- Born: July 10, 1936 Chicago
- Died: June 8, 2016 (aged 79) University City, Missouri
- Education: University of Notre Dame Washington University in St. Louis Massachusetts General Hospital
- Known for: confirmed that low-dose aspirin potentially lowers deaths from stroke and heart attacks
- Scientific career
- Fields: Medicine, biochemistry
- Workplaces: National Heart Institute Washington University School of Medicine

= Philip Majerus =

American biochemist (1936–2016)

Philip Warren Majerus (July 10, 1936 – June 8, 2016) was an American biochemist who confirmed the cardiovascular benefits of aspirin. After graduating from medical school and completing a residency at Massachusetts General Hospital, Majerus conducted research at the National Heart Institute before becoming a faculty member at the Washington University School of Medicine.

==Early life==
A native of Chicago and the son of a five-and-dime store owner, Majerus grew up in Quincy, Illinois. As a child, he had no interest in any school subject other than science, and he seemed to thrive once one of his schoolteachers set up a chemistry laboratory where Majerus could perform hands-on experiments.

Majerus was a talented tennis player, which earned him an athletic scholarship to the University of Notre Dame, where he completed an undergraduate degree in 1958. Majerus graduated from medical school at the Washington University School of Medicine.

==Career==
After completing a residency at Massachusetts General Hospital, Majerus worked for the National Heart Institute, conducting research on fatty acid biosynthesis in E. coli in the laboratory of P. Roy Vagelos. Then he joined the Washington University School of Medicine faculty, shifting his research focus to hematology. Majerus said that the Vietnam War had pushed him toward a career in research; after his residency, he had the choice between going to war as a physician or working for the government in his research position.

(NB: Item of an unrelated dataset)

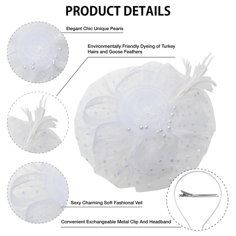 - Versatile Wearing Options: This stylish tea party accessories for women offers multiple wearing options, including a removable clip and headband. Wear the women's fascinators as a headband or hair clip for a glamorous look, or attach it to the decorative section for a vintage-inspired headpiece. Perfect for tea parties, weddings, or any special occasion, the white fascinator hats for women adapts effortlessly to your style.

Majerus studied the role of platelets in the clotting process, and he proved that low-dose aspirin therapy could reduce the incidence of heart attack and stroke. His work with clotting led to discoveries related to inositol, a substance that has importance in several bodily functions.

In 1987, he was elected a fellow of the American Association for the Advancement of Science. He was also awarded the Dameshek Prize from the American Society of Hematology.

==Later life==
Majerus retired in 2014 and he died of prostate cancer in 2016. He had four children with his first wife, the former Janet Brakensiek. He was survived by his second wife, Dr. Elaine Flansburg Majerus.